> GIVEN INFORMATION

====

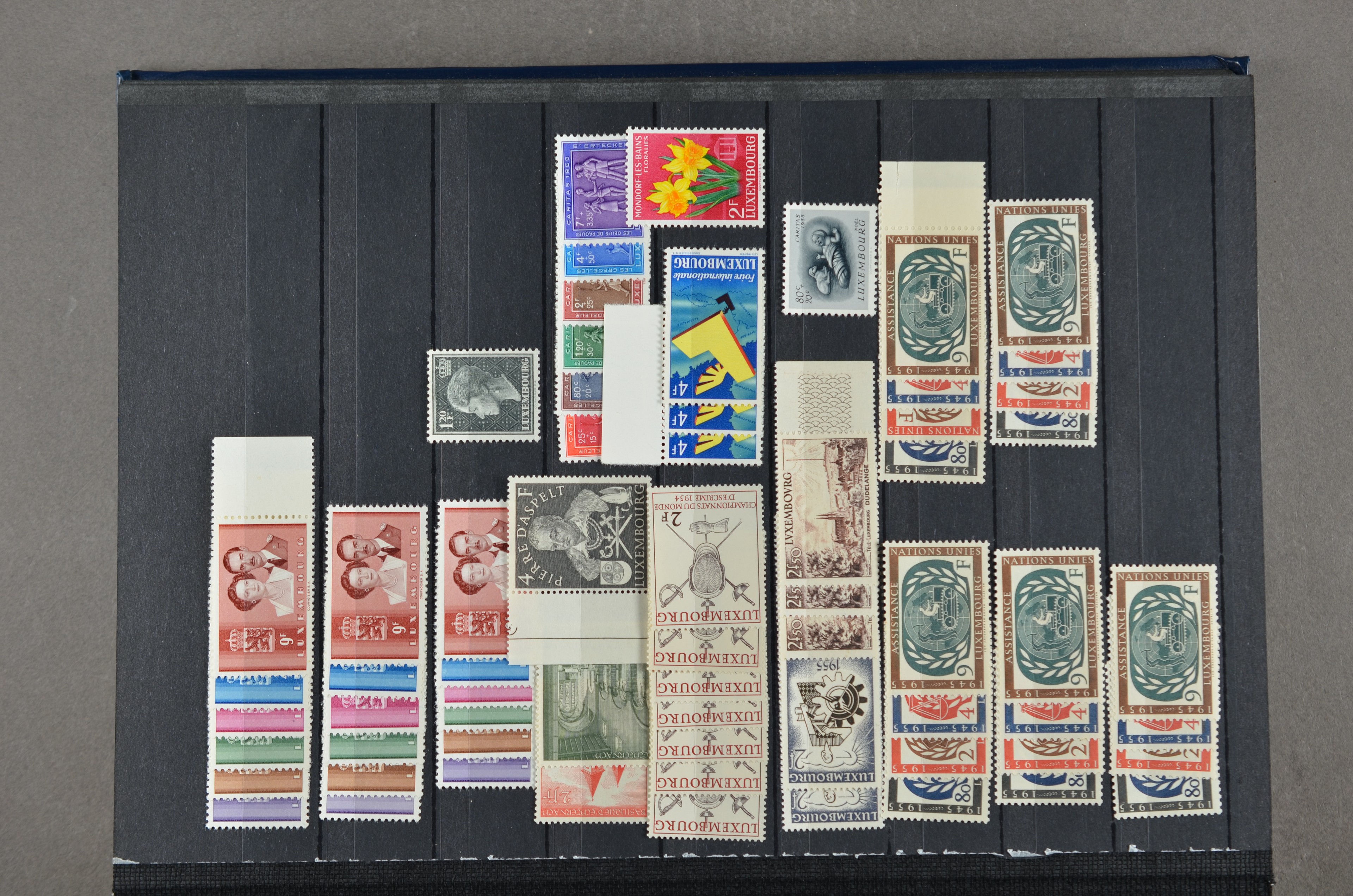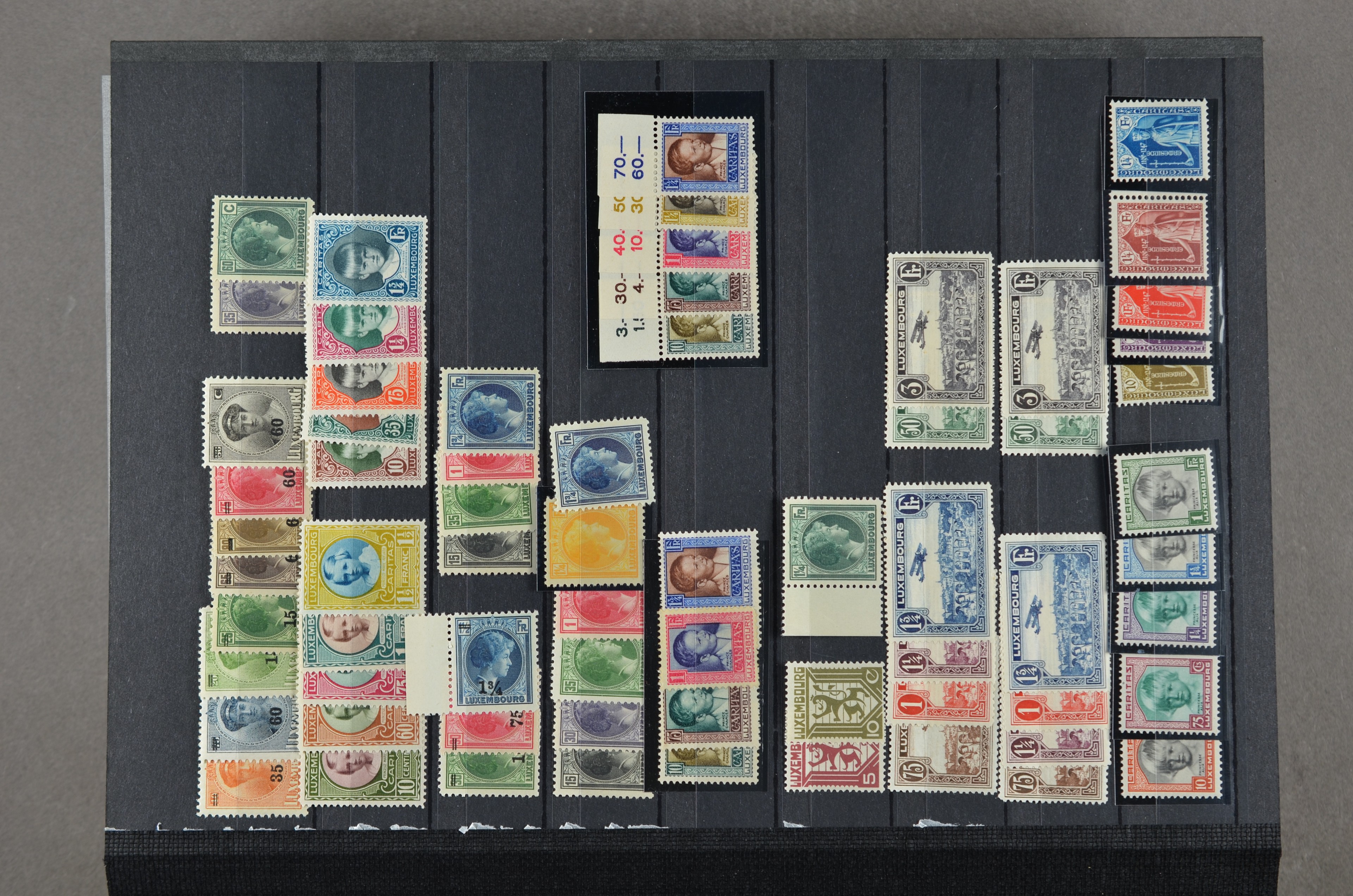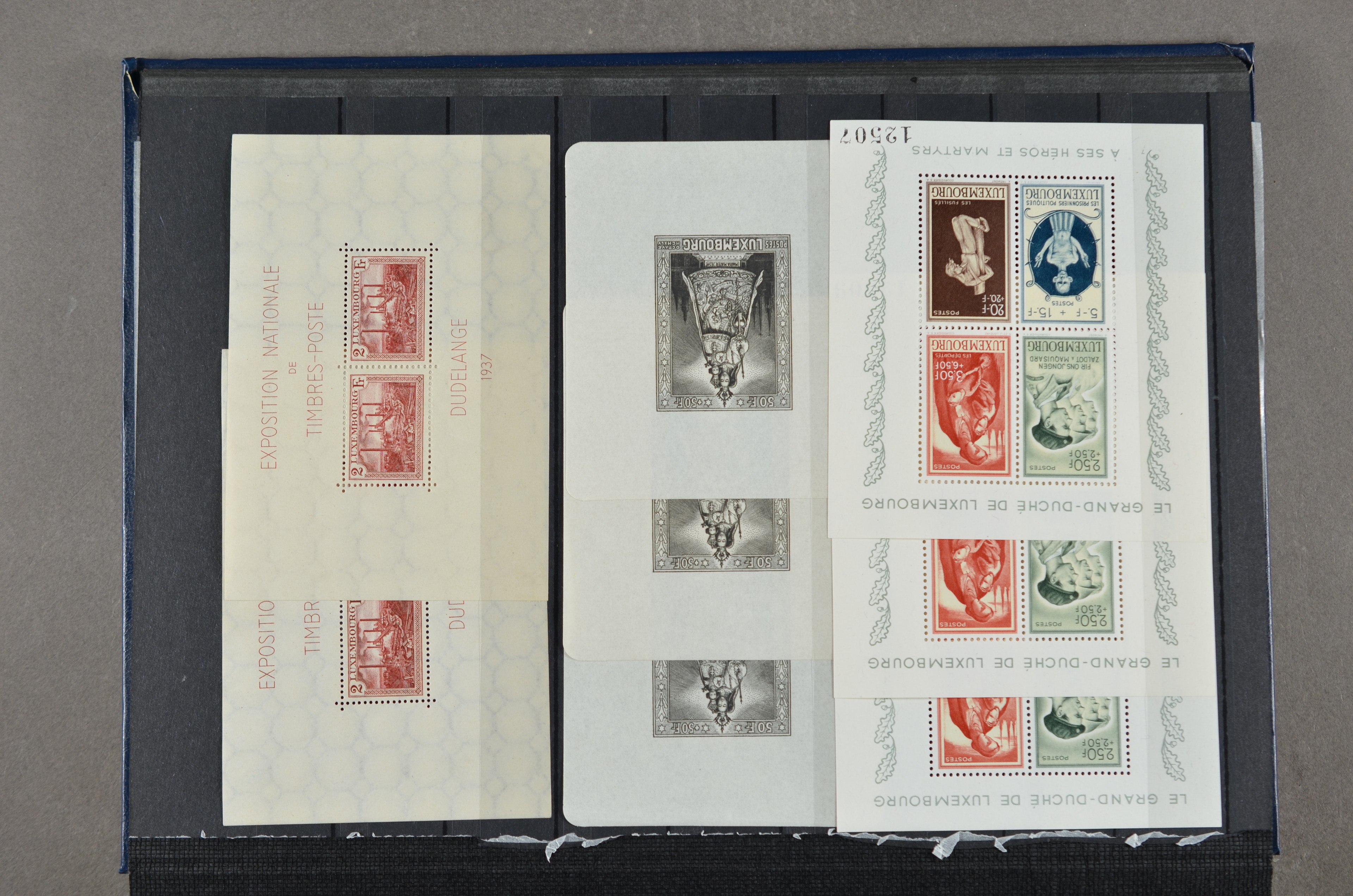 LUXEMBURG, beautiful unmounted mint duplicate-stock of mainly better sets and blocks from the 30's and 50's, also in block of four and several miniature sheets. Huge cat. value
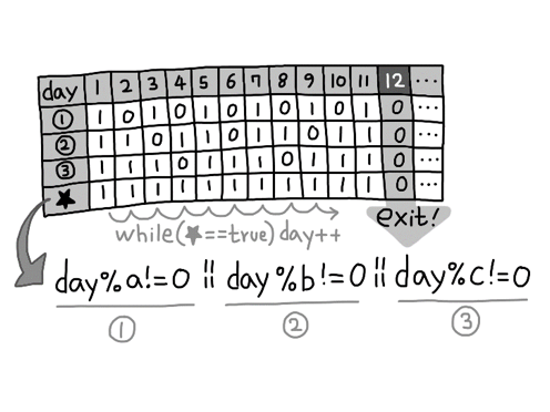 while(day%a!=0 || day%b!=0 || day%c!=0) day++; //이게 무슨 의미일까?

====

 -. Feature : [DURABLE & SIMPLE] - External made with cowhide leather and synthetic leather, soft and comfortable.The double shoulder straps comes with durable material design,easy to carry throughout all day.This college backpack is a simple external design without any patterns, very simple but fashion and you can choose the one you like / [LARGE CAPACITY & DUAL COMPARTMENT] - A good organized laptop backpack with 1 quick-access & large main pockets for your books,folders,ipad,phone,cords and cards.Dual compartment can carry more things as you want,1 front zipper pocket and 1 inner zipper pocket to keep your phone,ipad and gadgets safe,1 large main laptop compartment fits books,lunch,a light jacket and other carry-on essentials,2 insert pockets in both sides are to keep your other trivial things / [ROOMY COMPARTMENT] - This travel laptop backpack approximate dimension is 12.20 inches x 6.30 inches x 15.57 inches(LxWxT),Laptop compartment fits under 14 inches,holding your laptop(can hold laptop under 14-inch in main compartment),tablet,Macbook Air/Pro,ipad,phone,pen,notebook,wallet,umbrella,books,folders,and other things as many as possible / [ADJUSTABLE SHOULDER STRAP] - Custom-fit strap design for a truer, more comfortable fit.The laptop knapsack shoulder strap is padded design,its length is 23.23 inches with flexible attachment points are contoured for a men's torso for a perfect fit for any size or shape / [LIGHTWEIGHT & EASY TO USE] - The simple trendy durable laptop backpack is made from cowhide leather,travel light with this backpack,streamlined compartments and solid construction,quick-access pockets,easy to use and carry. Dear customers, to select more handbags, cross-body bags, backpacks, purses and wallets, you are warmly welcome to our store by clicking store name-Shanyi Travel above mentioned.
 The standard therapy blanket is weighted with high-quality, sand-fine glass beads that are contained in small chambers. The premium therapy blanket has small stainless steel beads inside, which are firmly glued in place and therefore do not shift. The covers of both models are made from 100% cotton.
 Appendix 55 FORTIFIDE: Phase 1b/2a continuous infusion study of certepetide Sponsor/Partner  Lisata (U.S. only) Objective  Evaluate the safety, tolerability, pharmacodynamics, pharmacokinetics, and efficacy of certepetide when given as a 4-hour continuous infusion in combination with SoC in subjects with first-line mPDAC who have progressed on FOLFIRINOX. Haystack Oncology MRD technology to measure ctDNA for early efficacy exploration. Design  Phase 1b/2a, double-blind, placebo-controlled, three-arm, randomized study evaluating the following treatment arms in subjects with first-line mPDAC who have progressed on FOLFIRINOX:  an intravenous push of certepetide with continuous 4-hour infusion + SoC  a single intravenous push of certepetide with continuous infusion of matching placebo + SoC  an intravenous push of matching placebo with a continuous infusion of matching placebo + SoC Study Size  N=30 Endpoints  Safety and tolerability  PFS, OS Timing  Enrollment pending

====

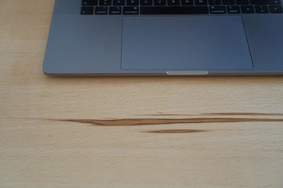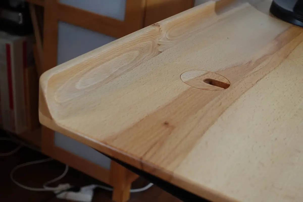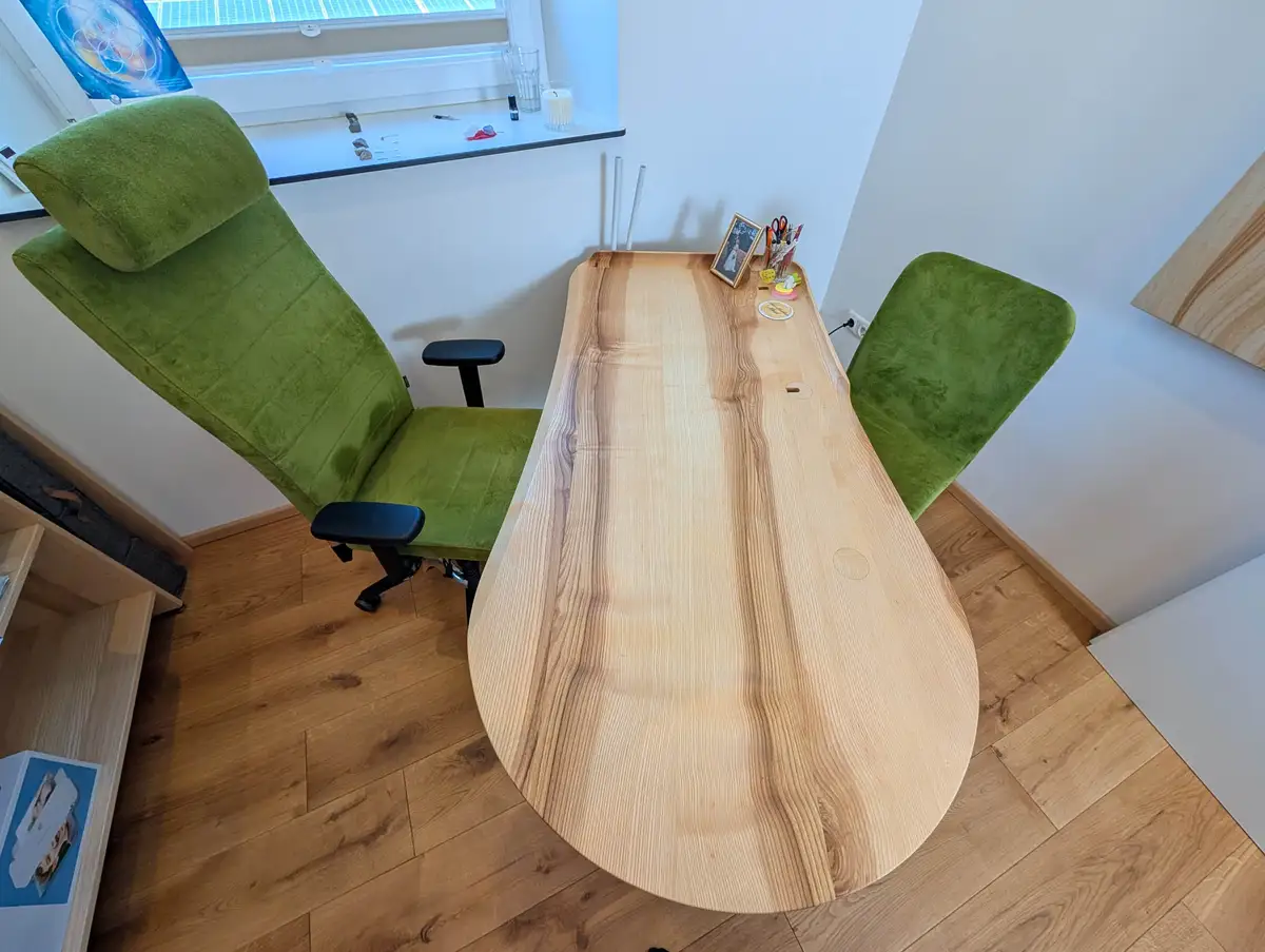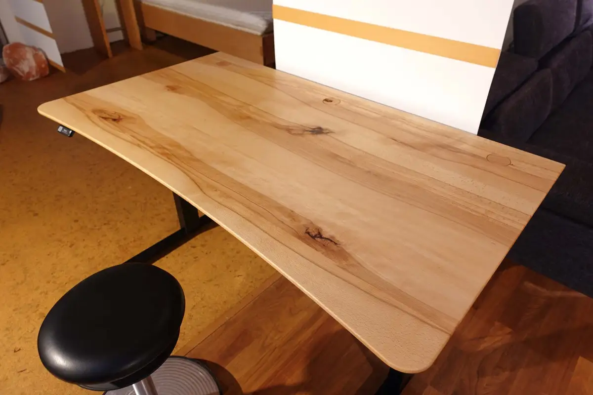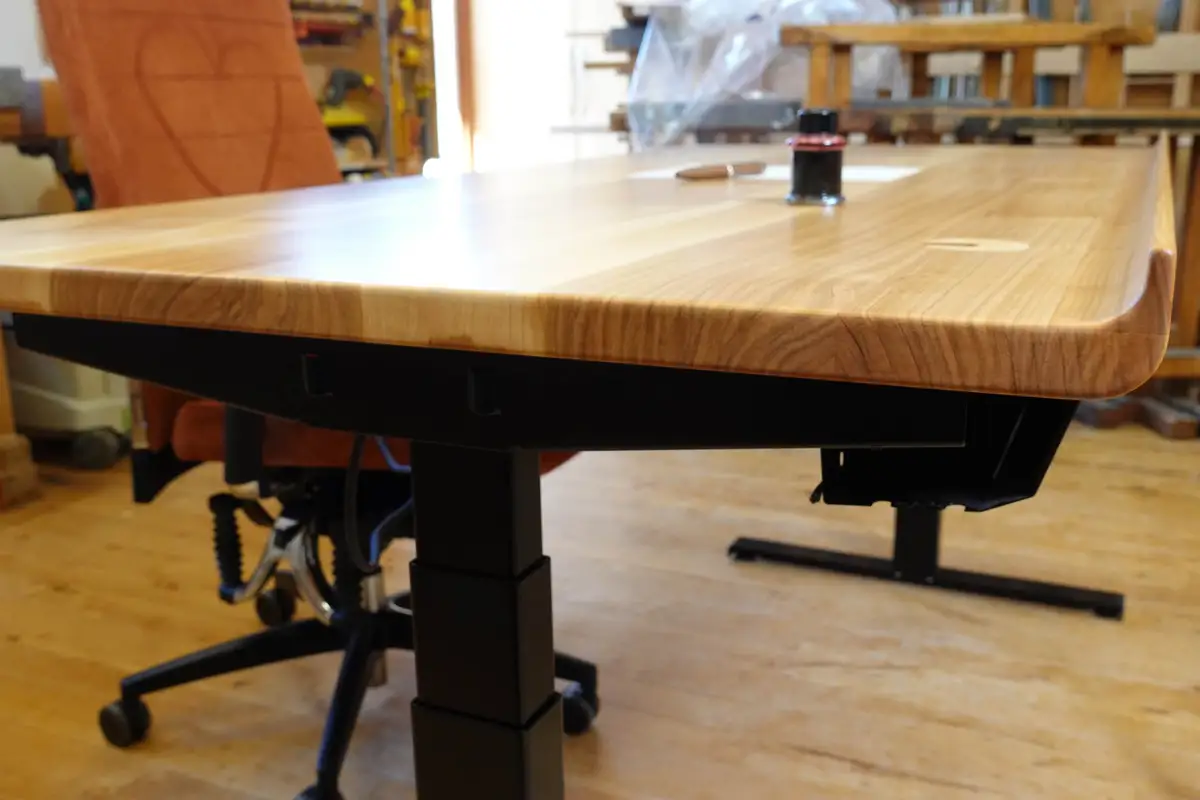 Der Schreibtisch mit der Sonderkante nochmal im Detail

====

Range to print from the listing above: from the line with "LUXEMBURG, beautiful unmounted" up to and including the line with "while(day%a!=0 || day%b!=0". Please print those lines exactly, with no pictures and nothing more.

 LUXEMBURG, beautiful unmounted mint duplicate-stock of mainly better sets and blocks from the 30's and 50's, also in block of four and several miniature sheets. Huge cat. value
 while(day%a!=0 || day%b!=0 || day%c!=0) day++; //이게 무슨 의미일까?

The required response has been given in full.